English nobleman, soldier, and member of parliament

John Darcy, Lord Conyers (1659 – 6 January 1689) was an English soldier and one of the two members of the House of Commons of England representing Richmond, Yorkshire, briefly in 1681 and again from 1685 to 1687.

The eldest son of Conyers Darcy, Lord Darcy de Knayth, and Lady Frances Howard, a daughter of Thomas Howard, 1st Earl of Berkshire, Darcy was known by the courtesy title of Lord Conyers during the later life of his grandfather Conyers Darcy, 1st Earl of Holderness, who died on 14 June 1689 aged ninety.

When he was fifteen, Conyers abducted and married Bridget Sutton, the eldest daughter of Robert Sutton, 1st Baron Lexinton. She was aged only ten. They later had five sons, including Robert Darcy, 3rd Earl of Holderness, and Conyers Darcy, and two daughters.

Conyers studied law at Gray's Inn. He was first elected to parliament at the election of 1681, serving in the brief Oxford Parliament of 1681. Due to the Exclusion Bill, King Charles II then ruled without parliament until his death in February 1685. In that year, Conyers was elected again to what became known as the Loyal Parliament, the only one summoned by James II. That sat until 1687, and in its second session Conyers joined the opposition to the king.
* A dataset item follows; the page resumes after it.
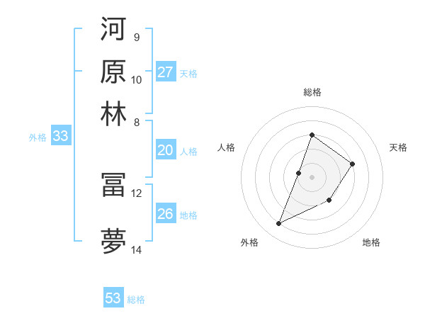 河原林 冨夢さんの総格は53画の3点!
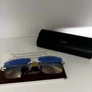 Rimless Blue Yellow Gradient lens diamond cut Cartier comes with accessories, 10/10 condition

Between 1681 and 1685, Conyers held a major's commission in the Queen's Life Guards. In December 1681 he also followed his father as Colonel of the Richmondshire Regiment, North Riding Militia. In July 1685 he became lieutenant-colonel of the Earl of Shrewsbury's Horse, raised in response to the Monmouth Rebellion of 1685.

In 1688, Conyers brought about a reconciliation between Lord Danby and the Earl of Devonshire, laying the foundations of that year's rising against the king in the north of England. Unsuspected as a rebel, he was ordered to arrest his fellow-conspirator Lord Lumley, one of the men who had signed the invitation to William of Orange to invade England and instigate the Glorious Revolution. Conyers claimed he could not find Lumley. On 22 November 1688, with some of his militia, he took part in Danby's seizure of the city of York for William and was expected to join Danby's Tories in the Convention Parliament.

Conyers died of quinsy on 6 January 1689, but four days later at the general election of 1689 he was returned again for Richmond. He was buried in Westminster Abbey. At a subsequent by-election, in February, he was succeeded by his brother Philip Darcy, who had just lost his seat at Newark.